Data Mesh - Not Such a New Concept After All?
Not such a new concept after all?
I don’t think that I have to tell much about the recent developments on Data Mesh (see this and that), the world doesn’t need another “Data Mesh introduction” article just to tell these things again.
But when we dig deeper into that topic and look on the Data Product there might be some similarities ringing a bell. We’ll come to this later.
But how is a Data Product defined (by Zhamak)?
Data product is the node on the mesh that encapsulates three structural components required for its function, providing access to domain’s analytical data as a product.
Code: it includes (a) code for data pipelines responsible for consuming, transforming and serving upstream data - data received from domain’s operational system or an upstream data product; (b) code for APIs that provide access to data, semantic and syntax schema, observability metrics and other metadata; (c) code for enforcing traits such as access control policies, compliance, provenance, etc.
Data and Metadata: well that’s what we are all here for, the underlying analytical and historical data in a polyglot form. Depending on the nature of the domain data and its consumption models, data can be served as events, batch files, relational tables, graphs, etc., while maintaining the same semantic. For data to be usable there is an associated set of metadata including data computational documentation, semantic and syntax declaration, quality metrics, etc; metadata that is intrinsic to the data e.g. its semantic definition, and metadeta that communicates the traits used by computational governance to implement the expected behavior e.g. access control policies.
Infrastructure: The infrastructure component enables building, deploying and running the data product’s code, as well as storage and access to big data and metadata.
Additionally, we have the three types of ports.
- Input Ports
- Output Ports
- Control Ports
This looks really interesting and quite new, if you remember how the usual work in the data & analytics domain was done previously. But times have changed, principles like Infrastructure as Code, serverles, DevOps & DataOps, SRE etc. have changed the game towards more code focussed and software engineering thinking.
This morning I stumpled across a nice article on cloud serverless lock-in. One approach here is the hexagonal architecture, in which Ports and Adapters are present.
The goal of the hexagonal architecture is to encapsulate the logic within the core from the outer world. With this one, you can leverage some benefits:
- easier testing in isolation
- development can be done independently from external services
- ports and adapters are replaceable / extandable
Now let’s try to map it to the Data Product from Data Mesh. The Data Product is connected via the Input Port(s) to the data sources, this can be a database (e.g. via jdbc), a Message Queue / Message Broker like Kafka, Web endpoints etc.

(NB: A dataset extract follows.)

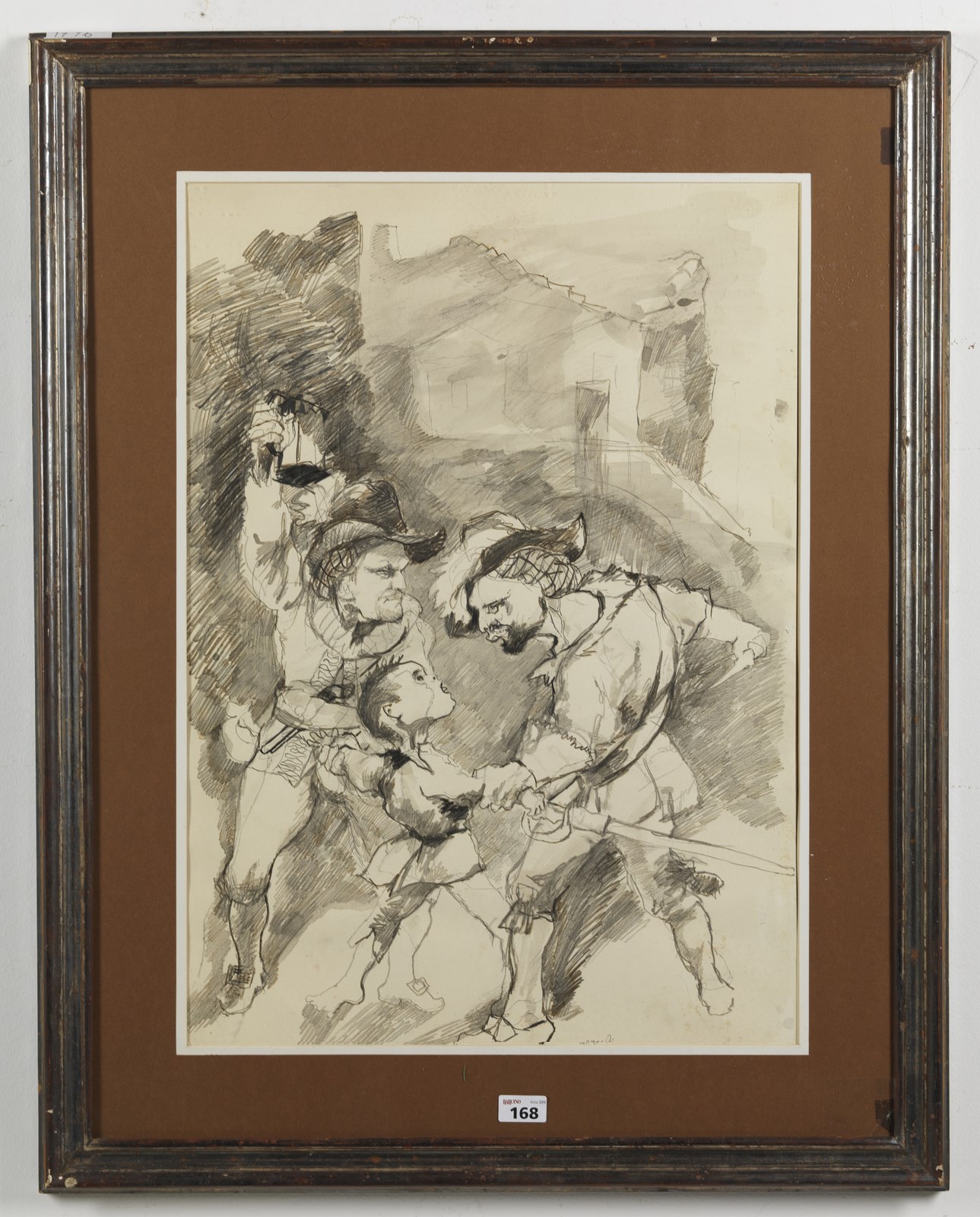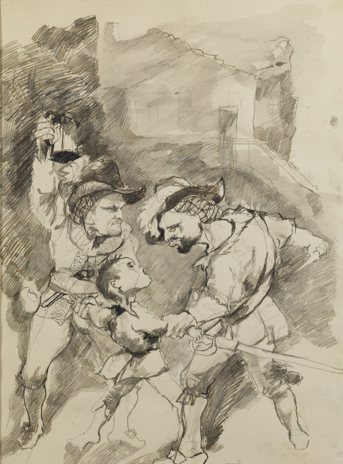 ATTARDI UGO (1923 - 2006) I bravi. Tecnica mista su carta. Cm 48,00 x 68,00. Firma e titolo in basso a destra. Lievi difetti. Cornice presente

Then within the Data Product, the “standard” procedures of Load, Process and Provide are happening. They load the data from the source via the input port (or receive events via subscription e.g. to a Kafka topic), do some data transformation steps ( = process) and provide the outcome via the Output Port(s). This can be again a database or a S3 endpoint or again a topic in Kafka. The advantage of that encapsulation is that the Data Product can be developed without interfering other data pipelines from other Data Products, I can start with a simple pass-through and add further transformations steps as soon as I need them. And it can be easily extended on new output ports (e.g. starting with a S3 endpoint, later a REST endpoint) Sounds quite similar to the hexagonal architecture? Yes, and reflects the movement to more Microservices in the non-analytical world. And on the Data & Analytics domain we see similar patterns, Data Mesh opens the door towards Domain Driven Development, Serverless, Data Products (within Data Mesh), Event-Driven are pushing towards Microservices / more granular processes.
So, back to the initial question: Is Data Mesh not so new? Well, from my view it is and it is not.
- It is not: Data Mesh uses approaches and concepts from the Software Engineering domain like domain driven design, hexagonal architecture, Microservices etc.
- It is: these concepts were not the standard way of working in Data & Analytics Space in the last years and therefore a quite new approach. But it is good and helps to bring the data-driven thinking and data-diven practise forward.